PARIS — Exhibitors sought to woo retailers with romanticism at the Prêt à Porter Paris and Who’s Next trade shows here, where buyers delighted in the freshness of collections.
After seasons of playing it safe, feminine but not overtly glamorous styles for spring ran the gamut from romantic lacy looks and Fifties-inspired tailoring with a modern twist to colorful prints and floral motifs, retailers said. An ethnic theme also emerged as a strong direction.
“Collections sparked a desire to buy,” said Pascale Camart, Galeries Lafayette’s head of buying for women’s wear, noting a “very strong increase” in the store’s spring budget. “There’s a new type of casual dress for women emerging, but one that is extremely feminine.”
Among the standouts were Mes Demoiselles, Virginie Castaway and Joe Black, Camart said.
“Our clients are asking for exciting collections which pop,” said Mindy Prugnaud, commercial director for Mint Group, the European buying office for Saks Fifth Avenue, Saks Mexico and David Jones, among others. “They are spending more on exciting things rather than the basics.”
Prugnaud lauded Paris-based label Hotel Particulier for its feminine lineup and affordable price points.
“Brands are doing better. There is a real positive energy, which we haven’t seen in the past few seasons,” said Sophie Allisy-Bischoff, marketing director for the Prêt.
Most retailers attending the four-day fairs, which were held at the exhibition halls at Porte de Versailles and ended Sept. 7, said they maintained their belief that postrecession shoppers are looking to put excitement back into their wardrobes. Buyers said while budgets were on par with last season, they would splurge on must-have items. Others said their budgets were up by as much as 20 percent.
Exhibitors at both shows reported order writing on signs of improved consumer spending in Europe and robust demand from Japan. American buyers were sparse, with many opting to attend French trade fairs that run concurrently with Paris Fashion Week later this month.
Showing at Who’s Next, brands were pleased with the turnout overall.
“It was very difficult for small brands, especially since we source the majority of our fabrics in France and are made locally, but it seems to be picking up a bit,” said Parisian-based Norwegian designer Gunhild Nygaard, who spun a modern twist into classic tailoring.
“We have gone more upscale, but we have kept the focus on the price-quality ratio and customers have responded well,” said Emma François, designer of Marseille-based brand Sessùn.
At the Mes Demoiselles stand, designer Anita Radovanovic showed a collection inspired by antique clothing, which she recovered by “raiding” her grandmother’s attic.
“A bit of romance, a bit antique and Charleston elegance, but for today’s girl,” she said, adding orders were up by as much as 40 percent over last year.

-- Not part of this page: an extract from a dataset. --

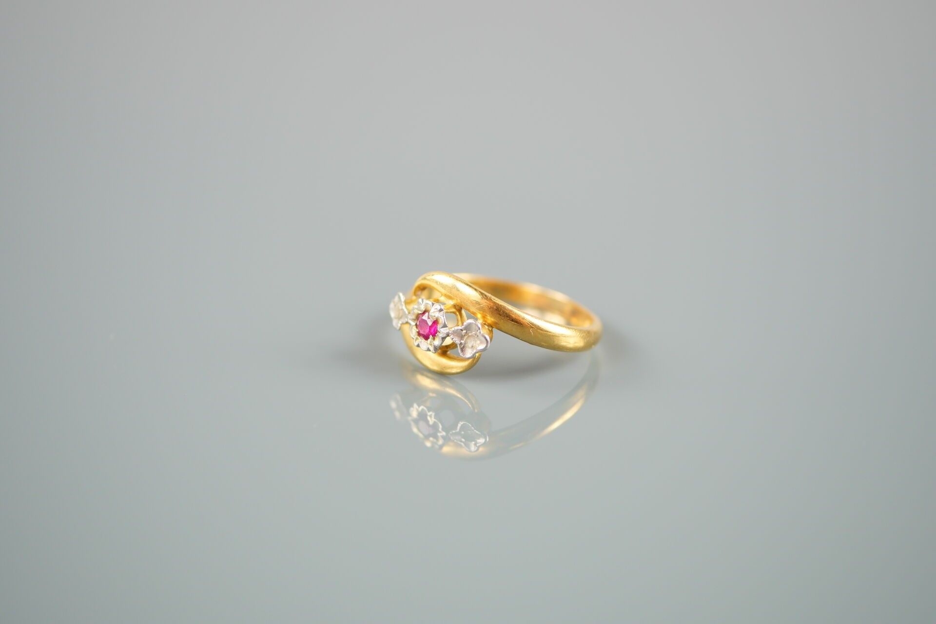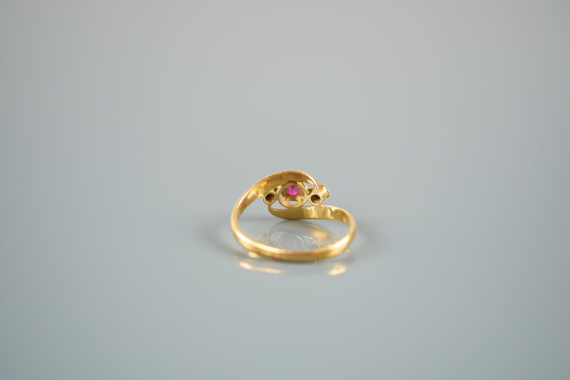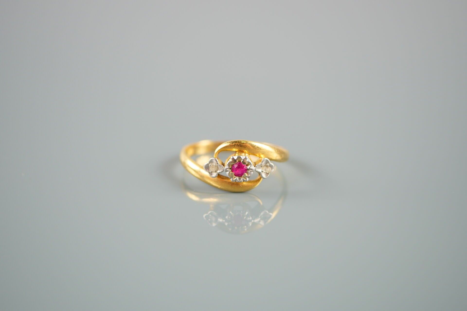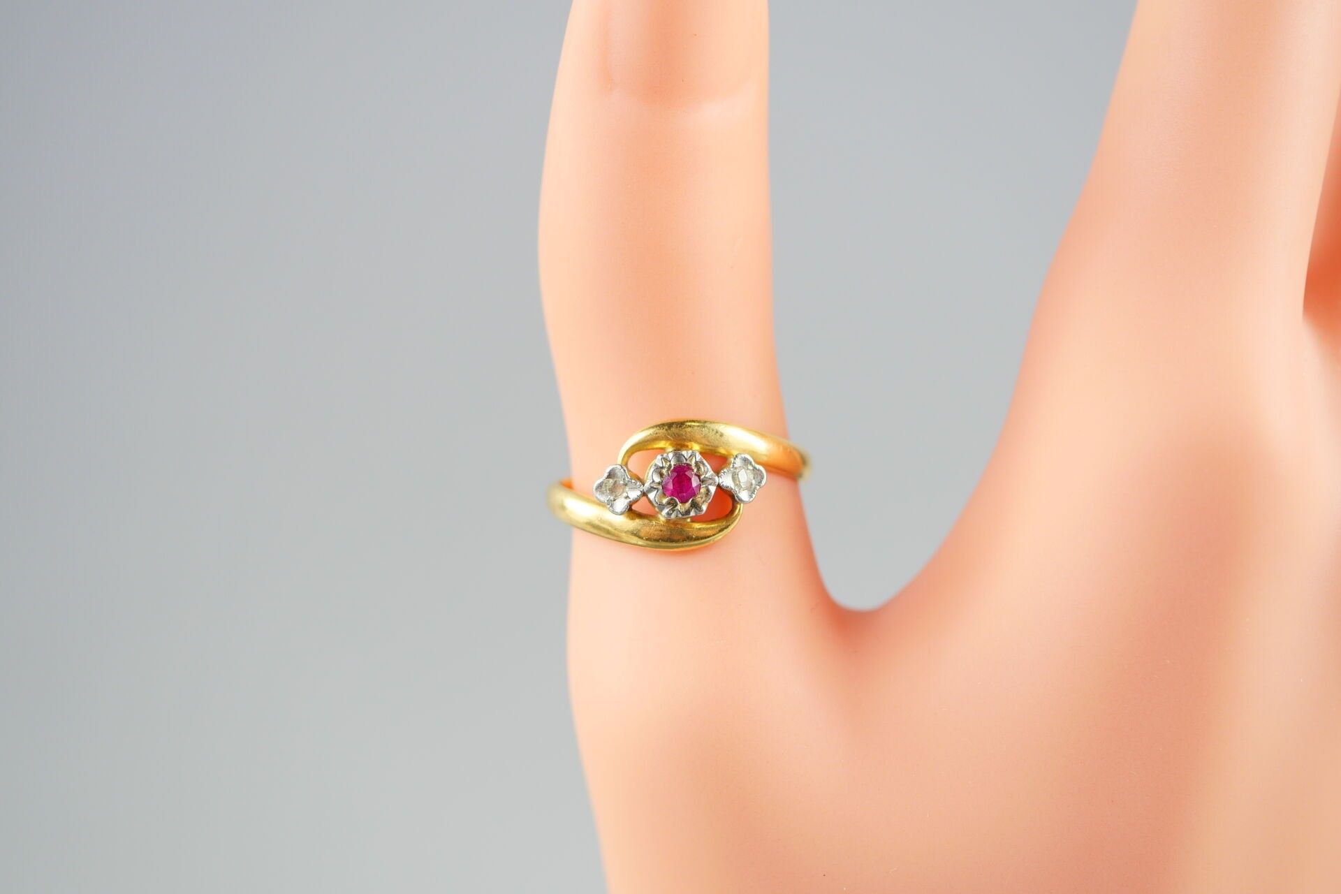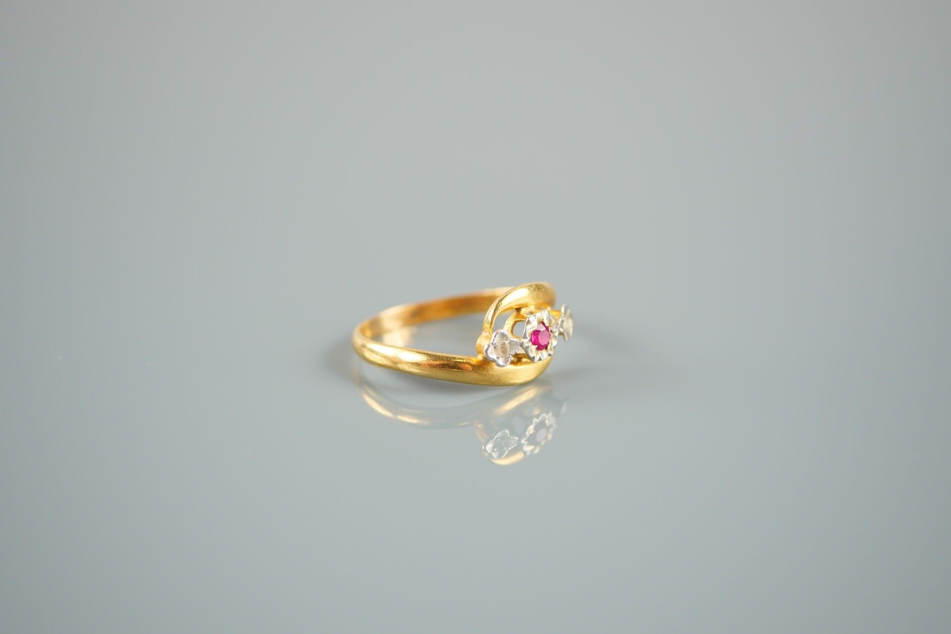 18K-750 thousandths yellow and white gold ring set with two diamond chips and a ruby or synthetic ruby.

“The temptation to buy nice things has definitely come back, but you have to create the desire with your offering,” said Yaya Blanchard, owner of hip Parisian boutique Yaya.
Blanchard, who said she had increased her budget by 20 percent, picked up lacy tops and full skirts at Mes Demoiselles.
French label Roseanne also had plenty of enticing choices, retailers said.
“It’s feminine and chic,” said Frédérique Rey, assistant buyer for Merci, who said feminine motifs and lace echoed throughout the fair.
At the Prêt, upstart designers who have managed to ride out the economic crisis said their hard work is beginning to pay off.
Riccacouture, designed by Lyon, France-based Japanese designer Rika Ohwada, applies sumptuous landscape motifs to premium silks from Lyon and Como, Italy. Ohwada said materials and craftsmanship helped drive sales at the fair.
Retailers lauded younger brands that focus on single concepts rather than spreading themselves too thin.
Reykjavík, Iceland-based Emami unveiled its “multifunctional clothes,” where one piece can morph into at least six different looks. Meanwhile, Paris’ (No) Smoking Collection, designed by Anne-Cécile Meignan and Maud Pannequin, showed off fetching tuxedo variations for women.